Center for MicroElectroMechanical Systems (CMEMs), Informatics Department, University of Minho, Braga, Portugal.
Center for MicroElectroMechanical Systems (CMEMs), Industrial Electronics Department, University of Minho, Guimarães, Portugal.
Med Biol Eng Comput. 2019 Dec;57(12):2683-2692. doi: 10.1007/s11517-019-02051-5. Epub 2019 Nov 14.
Squamous cell carcinoma (SCC) is the most common and malignant laryngeal cancer. An early-stage diagnosis is of crucial importance to lower patient mortality and preserve both the laryngeal anatomy and vocal-fold function. However, this may be challenging as the initial larynx modifications, mainly concerning the mucosa vascular tree and the epithelium texture and color, are small and can pass unnoticed to the human eye. The primary goal of this paper was to investigate a learning-based approach to early-stage SCC diagnosis, and compare the use of (i) texture-based global descriptors, such as local binary patterns, and (ii) deep-learning-based descriptors. These features, extracted from endoscopic narrow-band images of the larynx, were classified with support vector machines as to discriminate healthy, precancerous, and early-stage SCC tissues. When tested on a benchmark dataset, a median classification recall of 98% was obtained with the best feature combination, outperforming the state of the art (recall = 95%). Despite further investigation is needed (e.g., testing on a larger dataset), the achieved results support the use of the developed methodology in the actual clinical practice to provide accurate early-stage SCC diagnosis. Graphical Abstract Workflow of the proposed solution. Patches of laryngeal tissue are pre-processed and feature extraction is performed. These features are used in the laryngeal tissue classification.

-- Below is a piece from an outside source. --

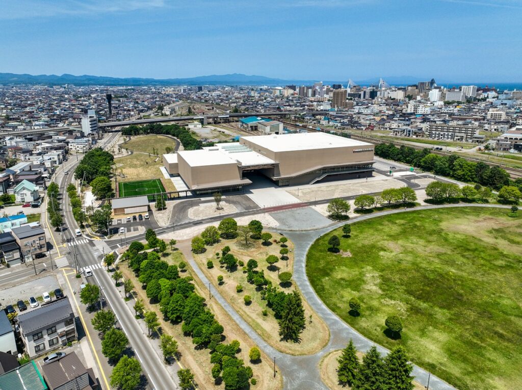 今回、リポートするのは青森駅から南東方向に約3kmほどの「青い森セントラルパーク」内に誕生した「カクヒログループスーパーアリーナ(青森市総合体育館)」である。2024年7月1日にオープンした。最大5000人収容のメインアリーナ(約2000㎡)とサブアリーナ(約920㎡)、県内最大級のキッズルーム(約760㎡)、多目的室(約560㎡)ほか、公園内の公募対象公園施設としてスポーツジム、カフェで構成される。

鳞状细胞癌 (SCC) 是最常见和恶性的喉癌。早期诊断对于降低患者死亡率和保留喉解剖结构和声带功能至关重要。然而,由于初始喉的改变主要涉及粘膜血管树和上皮组织纹理和颜色,这些改变很小,可能会被人眼忽略,因此可能具有挑战性。本文的主要目的是研究一种基于学习的早期 SCC 诊断方法,并比较使用 (i) 基于纹理的全局描述符(如局部二值模式)和 (ii) 基于深度学习的描述符。这些从喉内窥镜窄带图像中提取的特征使用支持向量机进行分类,以区分健康、癌前和早期 SCC 组织。在基准数据集上进行测试时,使用最佳特征组合获得了 98%的分类召回率,优于现有技术(召回率=95%)。尽管需要进一步研究(例如,在更大的数据集上进行测试),但所获得的结果支持在实际临床实践中使用所开发的方法来提供准确的早期 SCC 诊断。